Setiap kali bertemu saya, beliau pasti memandangiku, dan menangis. Disitu ada Kiai Abdul Fattah, dan Kiai Abdul Adzim. Lama-kelamaan akhirnya beliau bertanya, “Bib, saya mau bertanya. Cara dan gaya berpakaian Anda, yang suka pakai sarung putih, baju dan kopiah putih, persis guru saya.”
“Siapa Kiai?” jawab saya.
“Habib Hasyim bin Umar,” jawab Kiai Irfan.

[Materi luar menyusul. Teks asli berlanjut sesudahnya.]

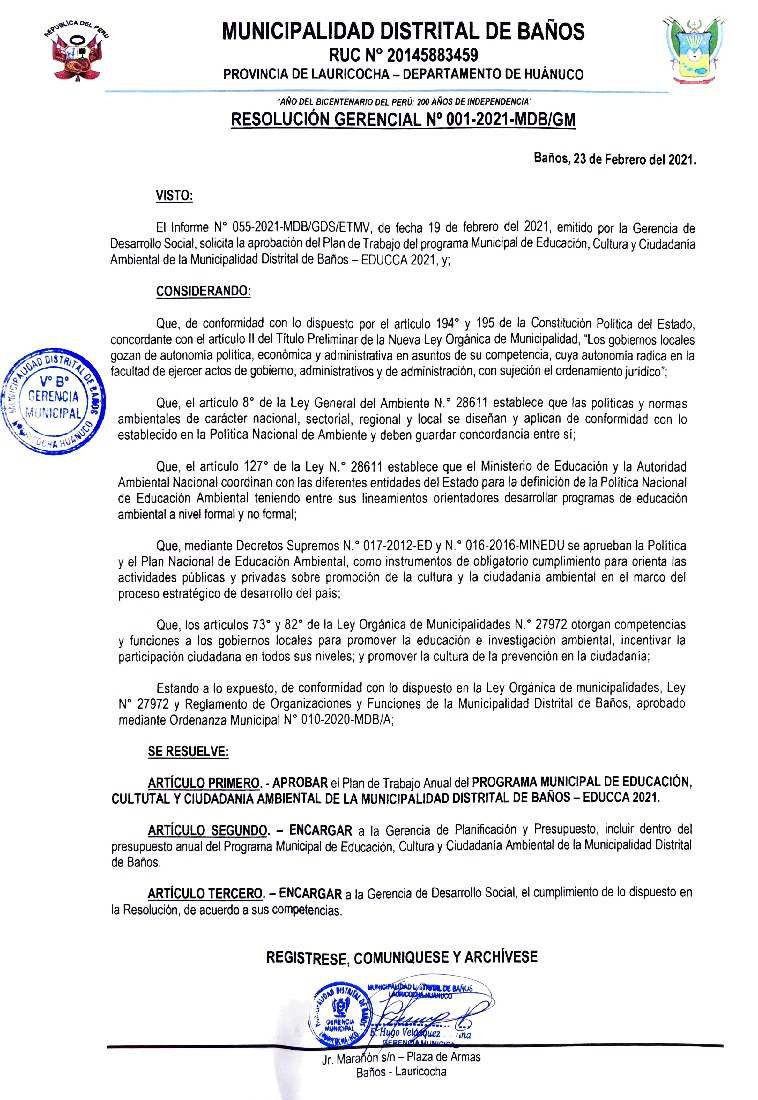 La presente Resolución aprueba el Plan de Trabajo 2021 del Programa Municipal de Educación, Cultura y Ciudadanía Ambiental de la Municipalidad Distrital de Baños, con la finalidad de definir las actividades de educación, cultura y ciudadanía ambiental que se desarrollarán en la localidad durante el presente año.

Saya mau mengaku cucunya, tapi kok masih seperti ini, belum menjadi orang yang baik, batinku dalam hati. Mau mengingkari atau berbohong, tapi kenyataannya memang benar, kalau saya adalah cucunya, Habib Hasyim bin Umar. Akhirnya Kiai Abdul Adzim, dan Kiai Abdul Fattah yang menjawab, “Lha... beliau adalah cucunya.”
Selanjutnya Kiai Irfan merangkul, dan menciumiku sembari menangis hebat saking gembiranya. Kemudian beliau berkata, “Mumpung saya masih hidup, saya mau cerita Bib. Tolong ditulis.”
“Cerita apa Kiai?” jawab saya.
“Begini,” kata Kiai Irfan mengawali ceritanya. Mbah Kiai Hasyim Asy’ari setelah beristikharah, bertanya kepada Kiai Kholil Bangkalan. Bermula dengan mendirikan Nahdlatut Tujjar dan Nahdlah-nahdlah yang lainnya, beliau merasa kebingungan. Sehingga, akhirnya beliau ke Mekkah untuk beristikharah di Masjidil Haram. Disana, kemudian beliau mendapat penjelasan dari Kiai Mahfudz At-Turmusi dan Syaikh Ahmad Nahrawi, ulama Jawa yang sangat 'alim. Kitab-kitab di Mekkah, kalau belum di-tahqiq atau ditandatangani oleh Kiai Ahmad Nahrawi, maka kitab tersebut tidak akan berani dicetak. Itu pada masa Sayyid Ahmad Zaini Dahlan, mufti Mekkah pada waktu itu.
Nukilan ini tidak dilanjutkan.